═══ Recorded data
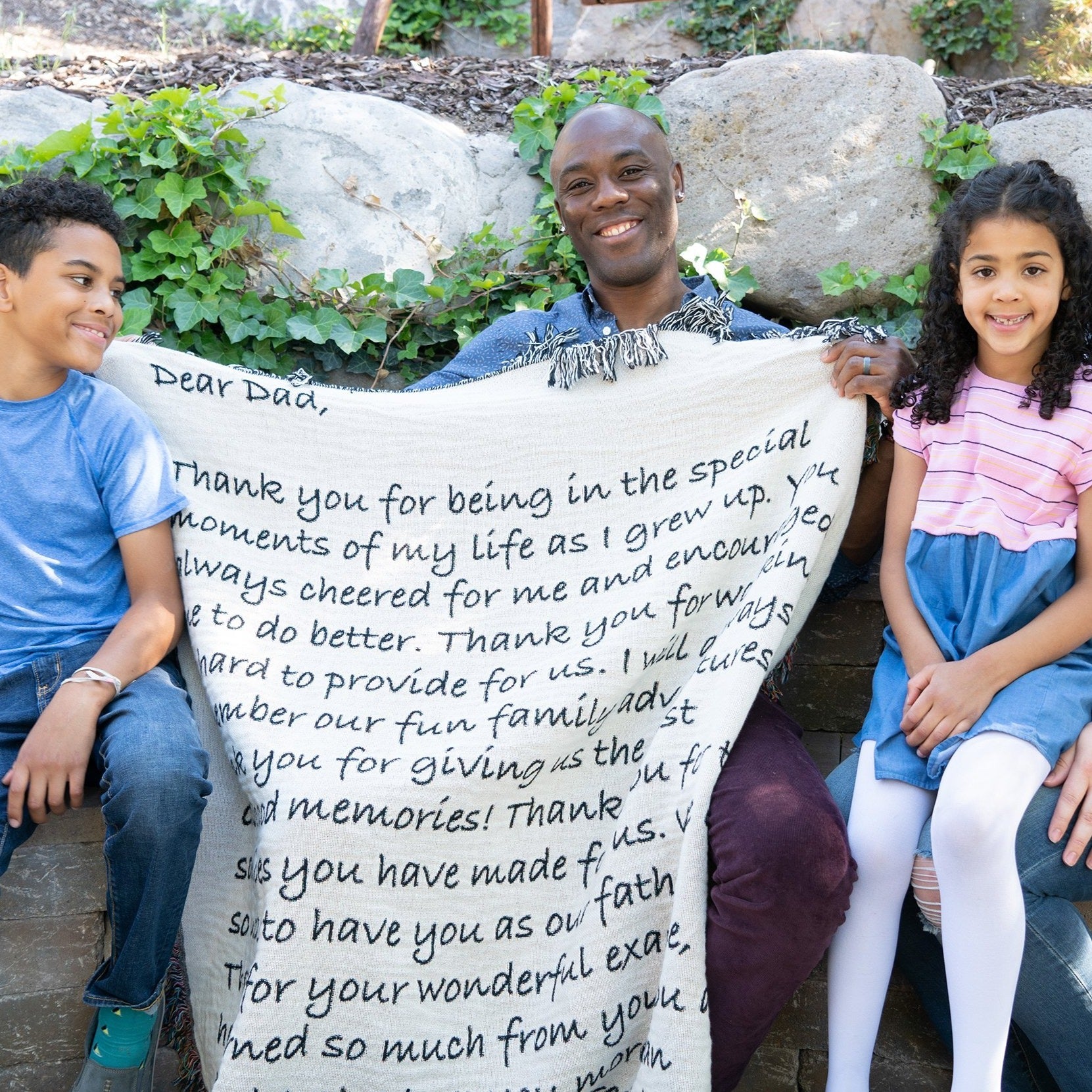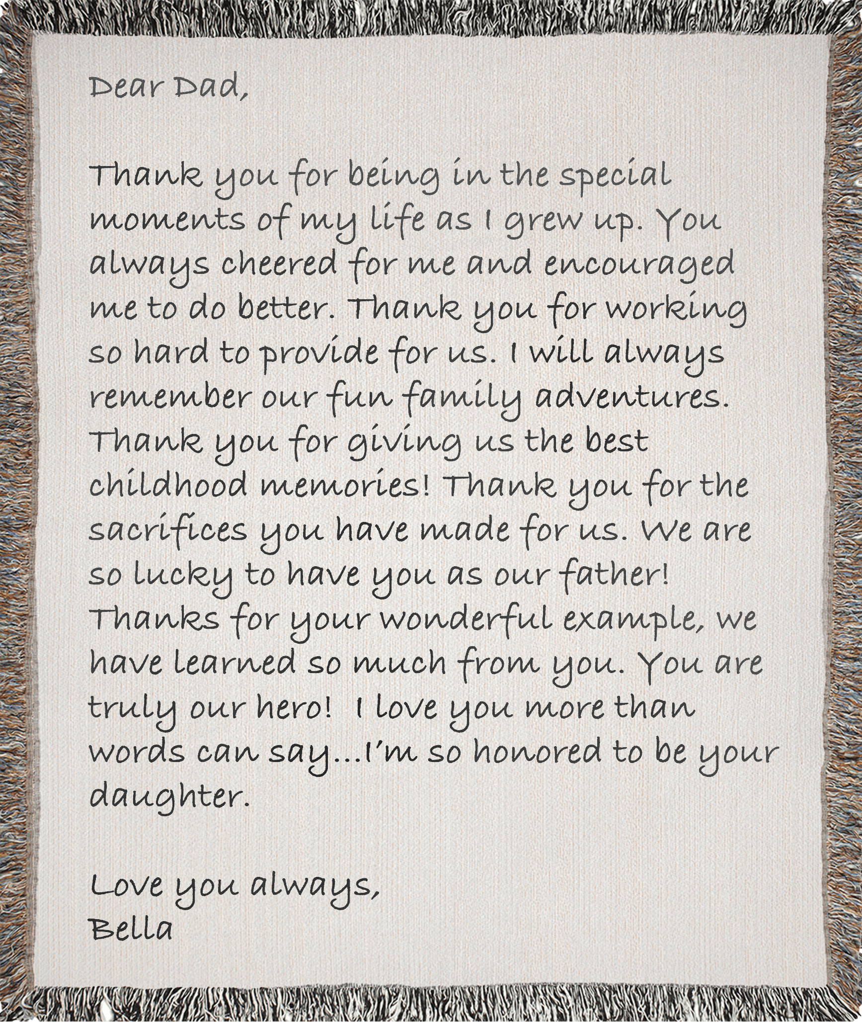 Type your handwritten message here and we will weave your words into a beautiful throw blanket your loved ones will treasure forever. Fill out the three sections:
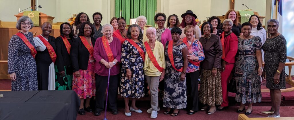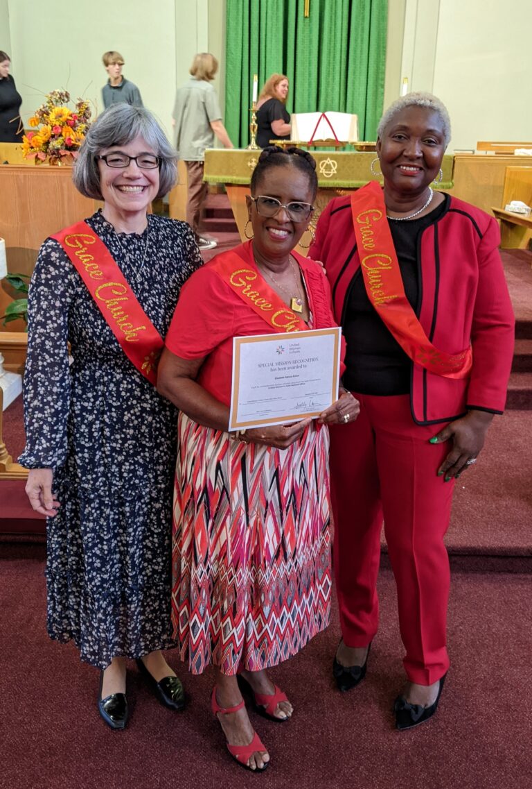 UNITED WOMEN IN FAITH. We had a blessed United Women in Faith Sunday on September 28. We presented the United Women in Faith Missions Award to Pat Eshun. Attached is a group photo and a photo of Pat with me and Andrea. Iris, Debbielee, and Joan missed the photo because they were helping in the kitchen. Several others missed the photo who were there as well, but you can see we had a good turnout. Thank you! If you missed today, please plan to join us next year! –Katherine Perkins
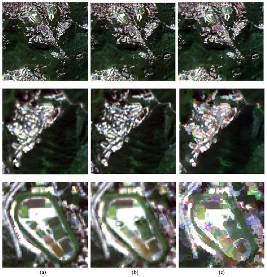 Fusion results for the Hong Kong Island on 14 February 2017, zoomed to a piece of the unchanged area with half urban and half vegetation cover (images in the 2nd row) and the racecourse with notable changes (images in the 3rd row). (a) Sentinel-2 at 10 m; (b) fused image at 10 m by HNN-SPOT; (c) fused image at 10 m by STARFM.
══════
> [Instructions to follow]: Leave out the pictures and print every line of the data exactly.

> [Expected answer]:
 Type your handwritten message here and we will weave your words into a beautiful throw blanket your loved ones will treasure forever. Fill out the three sections:
 UNITED WOMEN IN FAITH. We had a blessed United Women in Faith Sunday on September 28. We presented the United Women in Faith Missions Award to Pat Eshun. Attached is a group photo and a photo of Pat with me and Andrea. Iris, Debbielee, and Joan missed the photo because they were helping in the kitchen. Several others missed the photo who were there as well, but you can see we had a good turnout. Thank you! If you missed today, please plan to join us next year! –Katherine Perkins
 Fusion results for the Hong Kong Island on 14 February 2017, zoomed to a piece of the unchanged area with half urban and half vegetation cover (images in the 2nd row) and the racecourse with notable changes (images in the 3rd row). (a) Sentinel-2 at 10 m; (b) fused image at 10 m by HNN-SPOT; (c) fused image at 10 m by STARFM.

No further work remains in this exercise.